Thursday, November 15, 2007

Means-less Salvation

When looking around the internet at religious posts, you find some really interesting people. I have mentioned this guy before somewhere (this is NOT Darwin Fish). This guy seems to have taken "unconditional election" a bit far. (I don't want to link to his site or give his name, because... well... I have my reasons.)

I can imagine that most people of the "regeneration preceding faith" persuasion would go along with this:
He says:
Jesus Christ, as the only creator, speaking with His own voice, in a singular creative act, to an individual soul, thereby [quickens] that person, implanting eternal life, by Himself alone!
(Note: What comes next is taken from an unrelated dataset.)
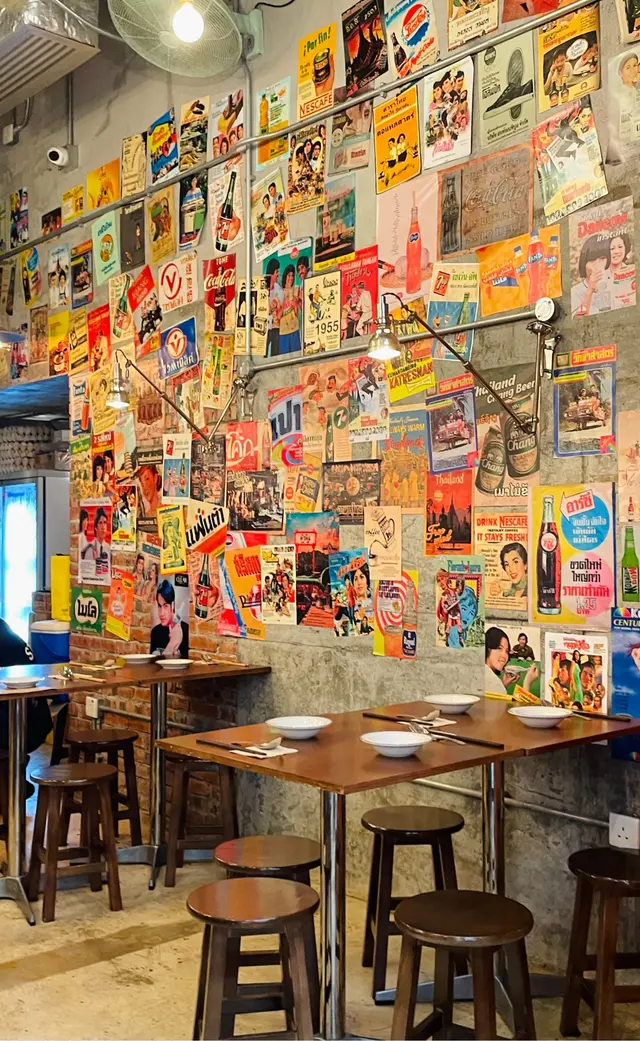 餐廳裝修設計走大排檔風格,牆上貼了大量泰國懷舊海報,色彩繽紛且充滿濃厚的泰式復古風情。

and further (does anyone want to say "amen" here? I think I hear it?):
Jesus does not need you to accept Him as your personal savior in order to save you eternally – nor does He want your help at all!

But then, he says:
There will be people in heaven who have never even heard the name of Christ or been converted to the Gospel? That’s right... eternal salvation [is] totally independent of any human means what-so-ever.

Finally... and this was the most thought provokling question I read the whole week. It actually is quite profound.
"Does the objective fact of redemption by Christ depend on man’s subjective perception or understanding of that fact? If so, then wouldn’t it be true that perception determines reality?"

I think that perception determining reality can be a problem when discussing theology. That is why in all the discussions about atonement, I am getting more and more comfortable as I am trying on Christ's "taking of sin out of the way" as a done deal for all. Yet, receiving Christ's life is by faith, and is needful, not having been accomplished until that moment of faith.


  • This comment has been removed by the author.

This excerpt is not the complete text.